[[ Given records, beginning ]]

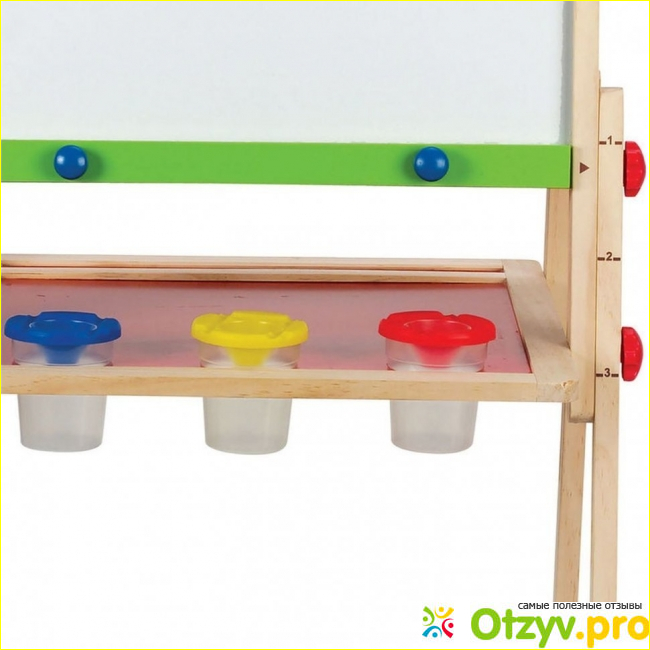 Магнитная поверхность предназначена для того, чтобы на ней что-либо закреплять: листы бумаги, картинки, наглядные пособия. Да, не удивляйтесь, многие мамы используют этот мольберт для детского творчества как вспомогательную площадку для обучения малыша счету и письму.
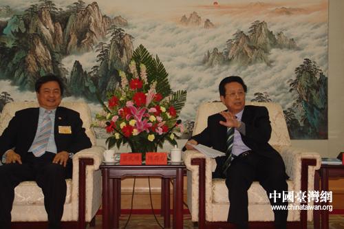 4月27日下午,中國和平統(tǒng)一促進(jìn)會(huì)與臺(tái)灣“一國兩制”研究協(xié)會(huì)訪問團(tuán)在京座談,全國人大常委會(huì)副委員長、中國和平統(tǒng)一促進(jìn)會(huì)副會(huì)長陳昌智(右)出席并發(fā)表講話。(中國臺(tái)灣網(wǎng) 楊麗 攝)
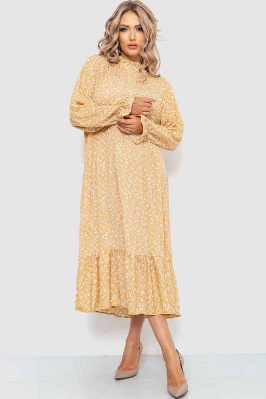 Сукня вільного крою з квітковим принтом, колір бежевий, 204r201
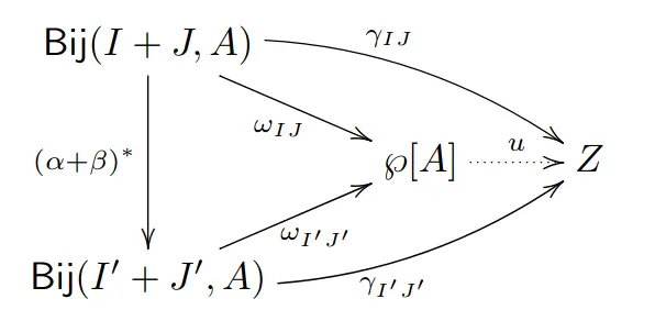 The component is induced by the image function, sending a bijection to the image of under , i.e. . This is a cocone as the diagram [Figure 1] commutes for every pair of bijections . It is also an initial cocone, as given another cocone for the same diagram, into another set , one can use the cocone condition on to prove that the function sending a subset to is (well-defined and) the unique fitting in the diagram [Figure 2] (the key observation is that every permutation decomposes as where : since the cocone condition can be phrased as the equality for every a permutation acting on and via the sum of two permutations acting on the summands of the the decomposition , one has that \emph{every} is of the form if and . But then, .
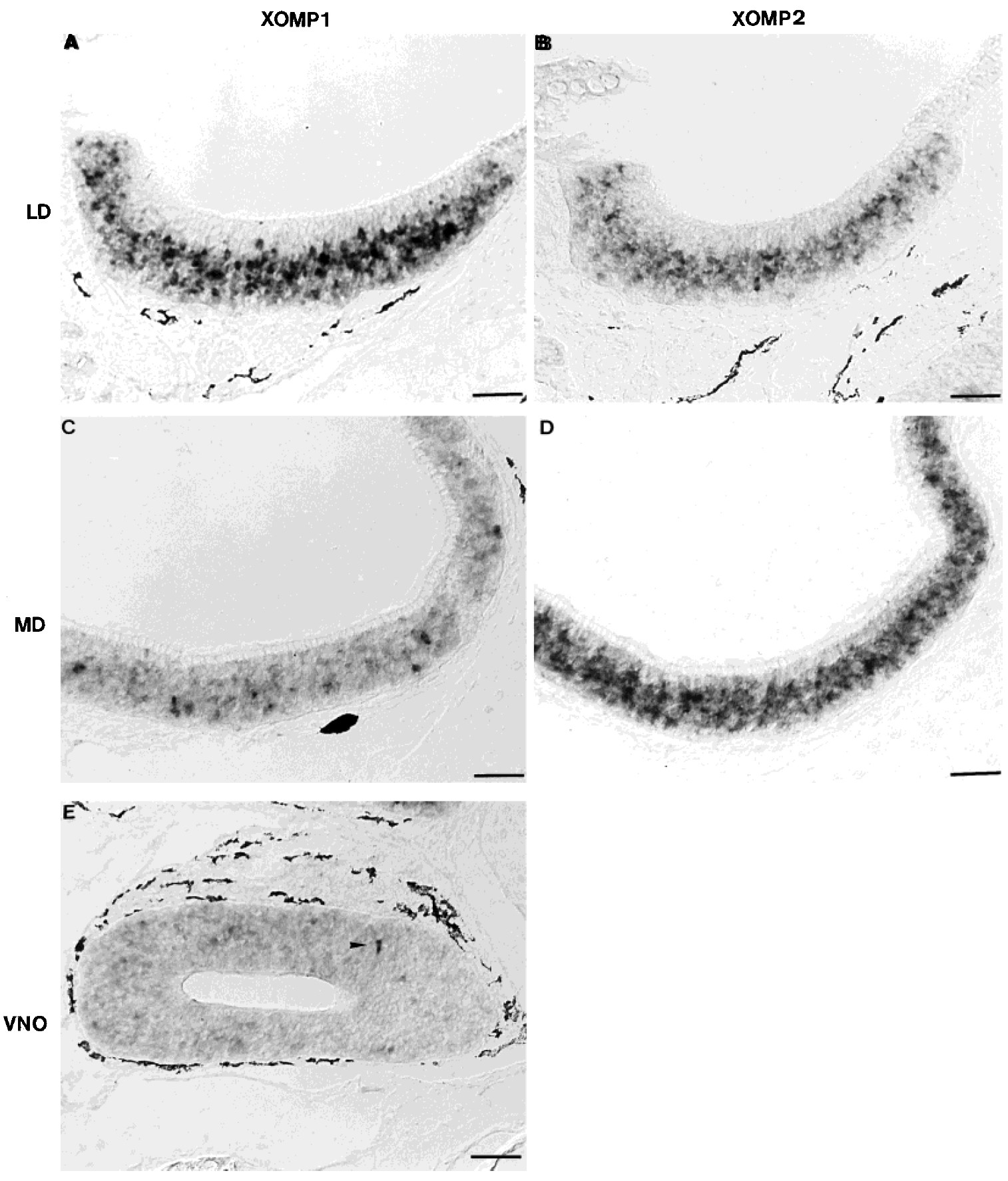 XOMP2 was preferentially expressed. In the VNO, small amounts of

[[ Given records, end ]]

» **Work to be completed**: Once the line containing "Сукня вільного крою" has been located, transcribe exactly and only every line from the first line of the entries through it, excluding pictures.

» **Output below**:
 Магнитная поверхность предназначена для того, чтобы на ней что-либо закреплять: листы бумаги, картинки, наглядные пособия. Да, не удивляйтесь, многие мамы используют этот мольберт для детского творчества как вспомогательную площадку для обучения малыша счету и письму.
 4月27日下午,中國和平統(tǒng)一促進(jìn)會(huì)與臺(tái)灣“一國兩制”研究協(xié)會(huì)訪問團(tuán)在京座談,全國人大常委會(huì)副委員長、中國和平統(tǒng)一促進(jìn)會(huì)副會(huì)長陳昌智(右)出席并發(fā)表講話。(中國臺(tái)灣網(wǎng) 楊麗 攝)
 Сукня вільного крою з квітковим принтом, колір бежевий, 204r201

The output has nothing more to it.